MRI lesions underreported: New/enlarging lesions reported in clinical trials typically use human readers but this appears to underestimate the true lesion number (White et al. AAN 2020; abstract S45.002). A study obtained MRIs from the phase II SPRINT-MS trial of ibudilast in progressive MS. New/enlarging T2 lesions were identified on 19% of scans using a semi-automated analysis compared to 5% using a human reader. For scans with >1 lesion, the median number of lesions/scan was 2 with the semi-automated method and 0 with a radiologist reader.

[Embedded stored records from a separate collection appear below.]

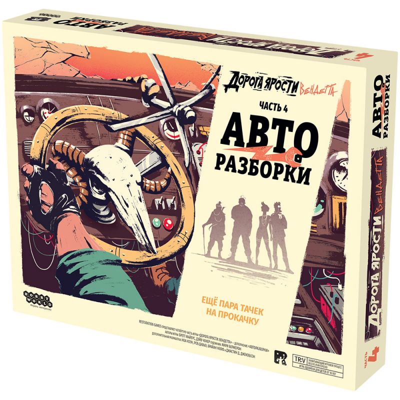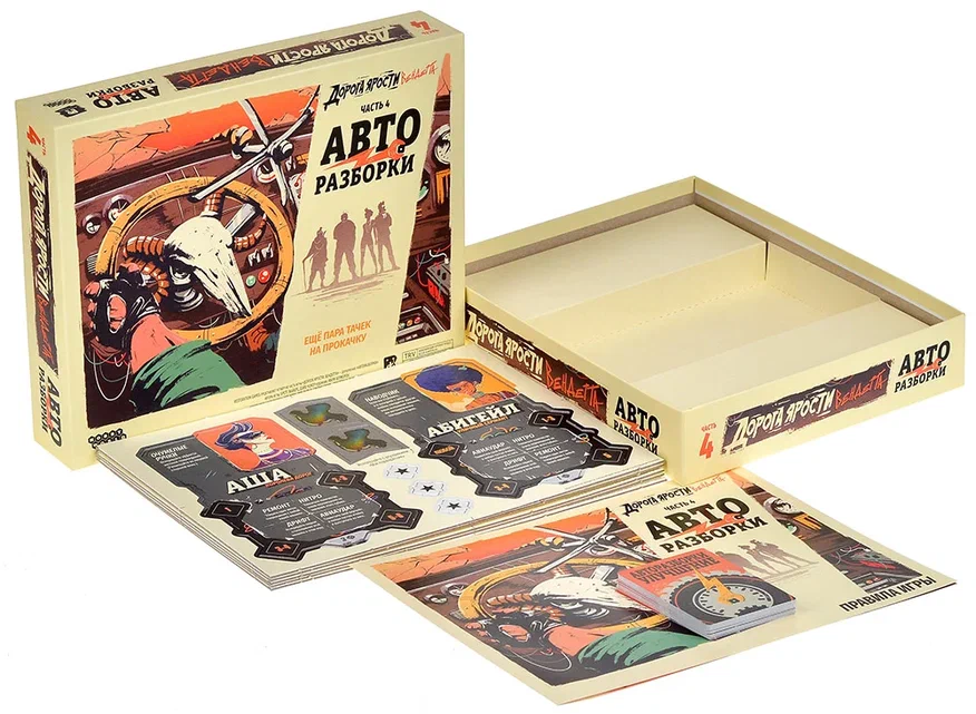 «Дорога ярости: Вендетта. Авторазборки» — дополнение к гоночной игре на выживание, которое делает банды гонщиков более характерными и асимметричными. Если базовая «Дорога ярости: Вендетта» уже предлагает динамичные заезды по постапокалиптической трассе, где машины сталкиваются, таранит друг друга и стреляют, то с этим набором за рулём каждой банды появляется свой главарь, а техника получает доступ к тюнингу. Теперь гонка — это не только про удачные броски и манёвры, но и про грамотный выбор способностей и улучшений.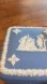 Pretty blue and white matte finish vintage Jasperware trinket box in square shape from Wedgwood England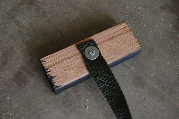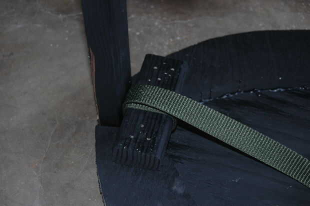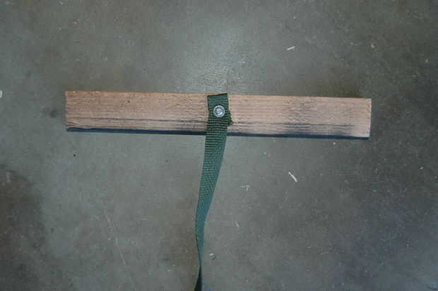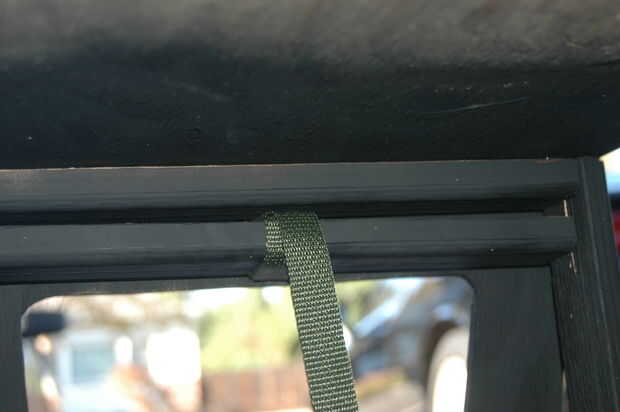 Para la parte superior detrás de correa, cortar una longitud de 11-1/2" 1 x 2. Esto encajará entre los dos soportes de 1 x 2 en su sidecar. Pintar esta pieza de 1 x 2 negro para que coincida con su interior. Taladro y tornillo en 3' pedazo de correa (usando una arandela) para el centro de su 11-1/2" 1 x 2 de largo. Envuelva la cinta alrededor de la 1 x 2 unas cuantas veces y utilice su pistola de clavos para clavar esta entre los dos soporte de 1 x 2 (ver fotos).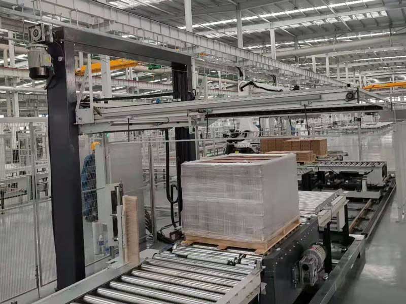 (4)设备装有自动上膜、断膜装置,实现全自动上断膜工作。膜架出膜系统单独采用预拉伸电机,使市场标准机用预拉伸缠绕膜可拉长2.5-2.8倍,可有利的节省耗材成本。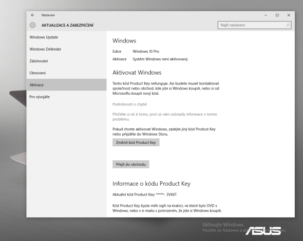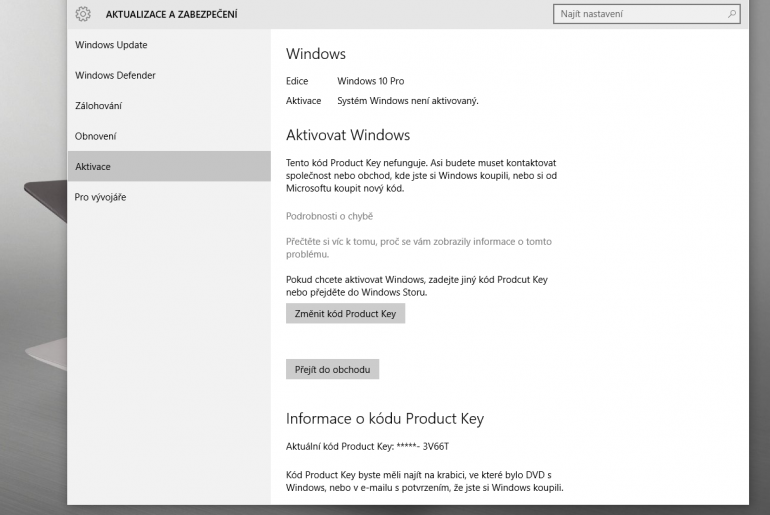 Někdy se však stane, že i když vše uděláte správně, nové Windows vás vyzývají k provedení aktivace, ovšem ta vám není umožňěna. Panel „Aktualizace a zabezpečení“ hlásí: „Tento kód Product Key nefunguje. Asi budete muset kontaktovat společnost nebo obchod, kde jste si Windows koupili, nebo si od Microsoftu koupit nový kód.“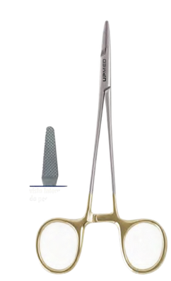 ✅Reduzir a fadiga da mão Como a ferramenta segura a agulha com mais eficiência, o cirurgião exerce menos pressão nas argolas para mantê-la travada.;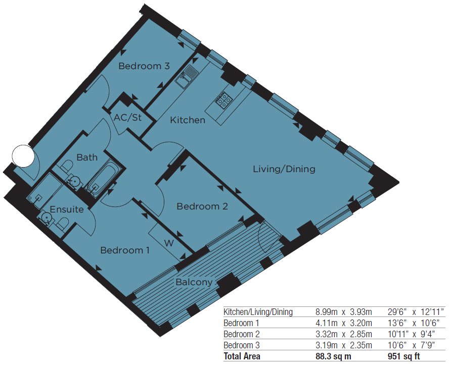 A 951 sq. Ft. 3 bedroom / 2 bathroom apartment located on the 18th floor overlooking the river thames with the benefit of a private balcony located in the heart of poplar with this fantastic new development of manhattan plaza.

Pitolisant – real-world data: Pitolisant (Wakix) is an H3 receptor antagonist/inverse agonist that received FDA approval in August 2019 for the treatment of excessive daytime sleepiness in patients with narcolepsy. Results are available for 623 patients enrolled in the expanded access program (Davis et al. AAN 2020; abstract P3.002). About 98% were previously treated. Patients were titrated to the highest tolerable dose (maximum 35.6 mg/day) over a three-week period and 70% continued to take other narcolepsy medications (e.g. stimulants, sodium oxybate, modafinil, antidepressants). One-third of patients discontinued pitolisant, primarily due to adverse events or lack of effect. The most common adverse events were headache (10.8%), nausea (7.2%), anxiety (5.9%) and insomnia (5.4%). A separate study of 15 narcolepsy patients treated at a sleep medicine clinic reported no significant changes in sleep architecture or sleep quality in patients treated with pitolisant (Triller et al. AAN 2020; abstract P3.001).
Clinical tip of the day: Most patients will experience significant blood pressure elevations during alemtuzumab infusions. A Canadian retrospective study at the London MS clinic looked at BP changes in 31 patients receiving alemtuzumab (Shosha et al. AAN 2020; abstract P7.003). Mean age was 35 years; mean duration of MS was 9.2 years. None had a history of hypertension or vascular events. Systolic BP increased by a mean of 19.2 mmHg during cycle 1, with an average increase of 16% over the first five doses. Diastolic BP increased by 6.2 mmHg during cycle 1 doses. Similar increases were seen in cycle 2 (SBP 16.9 mmHg, DBP 5.4 mmHg) and cycle 3 (SBP 8.9 mmHg, DBP 4.2 mmHg). Overall, 54.8% had >20% increase above baseline BP during their infusions.